The authentification flow

All the code is in the jwt-toke-example directory. Be sure to run

docker-compose up 

To spin up a PSQL server.

Additionaly, start the API from the same directory:

uvicorn app:app --port 8000

Step 1: Requesting a token

User registration

In the JWT flow, we still cannot escape the good old username and password combination. We need to store this information somewhere in the server and every time a user requests a new token, we need to check if the user credentials are correct. For this, we need to create an endpoint for user registration and then for token generation. Because of this reason, the whole process of authentification ideally should be done via HTTPS and not HTTP. For the purpose of this tutorial, we will use HTTP, because the concepts are exactly the same. HTTPS only adds a layer of obfuscation and encodes the transactions between user and server.

The user database table is very straightforward.
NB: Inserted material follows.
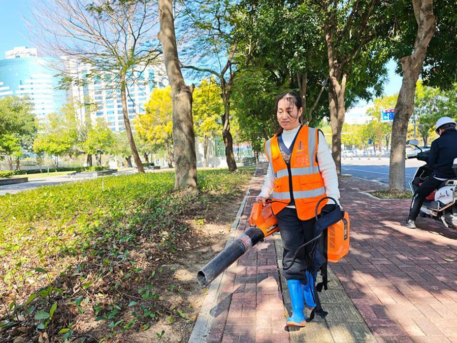 近期開放的惠州市兒童公園成了市民休閑觀光的熱門打卡地,江衛(wèi)艷便是這片區(qū)域的環(huán)衛(wèi)“守護(hù)者”。寒來暑往,片區(qū)的每一條街巷、每一處角落,都留下了她奔波的足跡。她負(fù)責(zé)的片區(qū)生活垃圾量較少,但因綠植繁茂導(dǎo)致落葉繁多。為了保持環(huán)境整潔,清晨的微光尚未灑滿街巷,她和同事們的身影便已出現(xiàn)在街頭。每日清晨的全面清掃是雷打不動(dòng)的工作,機(jī)掃車、灑水車協(xié)同作業(yè),人工則不間斷巡查,哪怕是一片飄散的落葉、一點(diǎn)零星的垃圾,都會(huì)被及時(shí)清理干凈。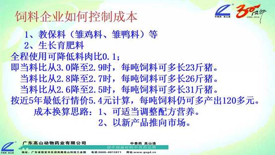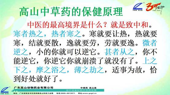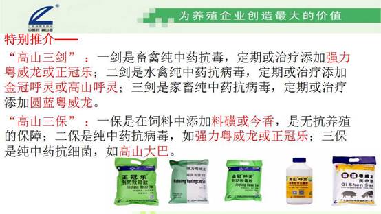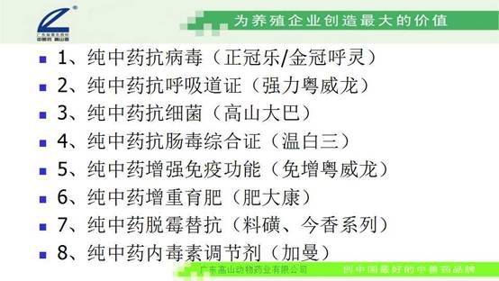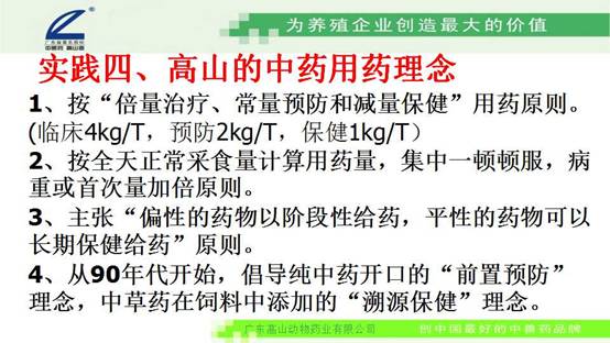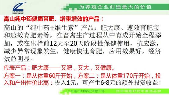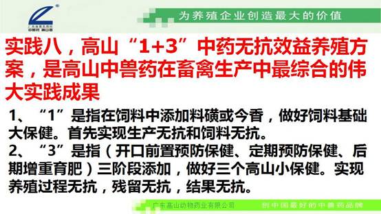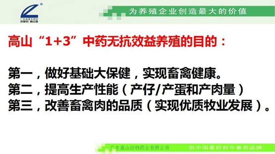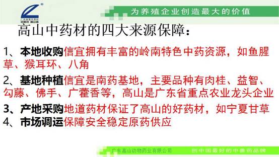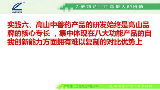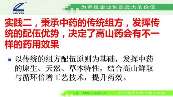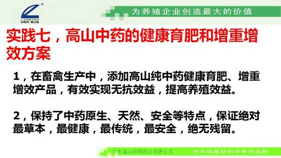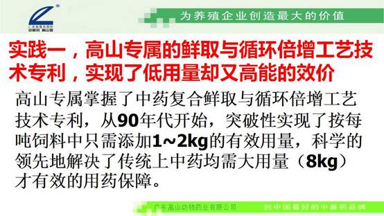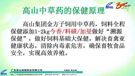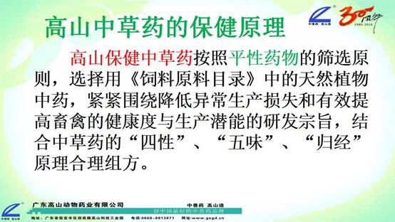 在實現(xiàn)畜禽健康生產(chǎn)的三十年突出實踐中,從純中藥治療,到純中藥預(yù)防,到純中藥保健,解除畜禽亞健康,降低養(yǎng)殖生產(chǎn)成本,實現(xiàn)養(yǎng)殖利潤倍增。高山中獸藥,無論是在臨床治療,還是在飼料基礎(chǔ)功能保健方面,均很好地解決了生產(chǎn)過程中的“效果確切、方案可行和成本可控”等三大基本問題。高山,始終處在創(chuàng)新的前沿!

It contains the username, the password and the date it was created:

!cat jwt-token-example/models.py
cat: jwt-token-example/models.py: No such file or directory

The endpoint for user creation is /users/register. To register we need to send a POST request with the following data:

    {
        "username": <username>,
        "password": <password>
    }
# Importing the request making lib 
import requests

# Making the request to the API to register the user 
response = requests.post(
    "http://localhost:8000/users/register", 
    json={"username": "eligijus", "password": "123456"}
)

if response.status_code in [200, 201]:
    print(f"Response: {response.json()}")
Response: {'message': 'User already exists', 'user_id': 1}

Now that we have a registered user we can start implementing the logic of JWT token creation.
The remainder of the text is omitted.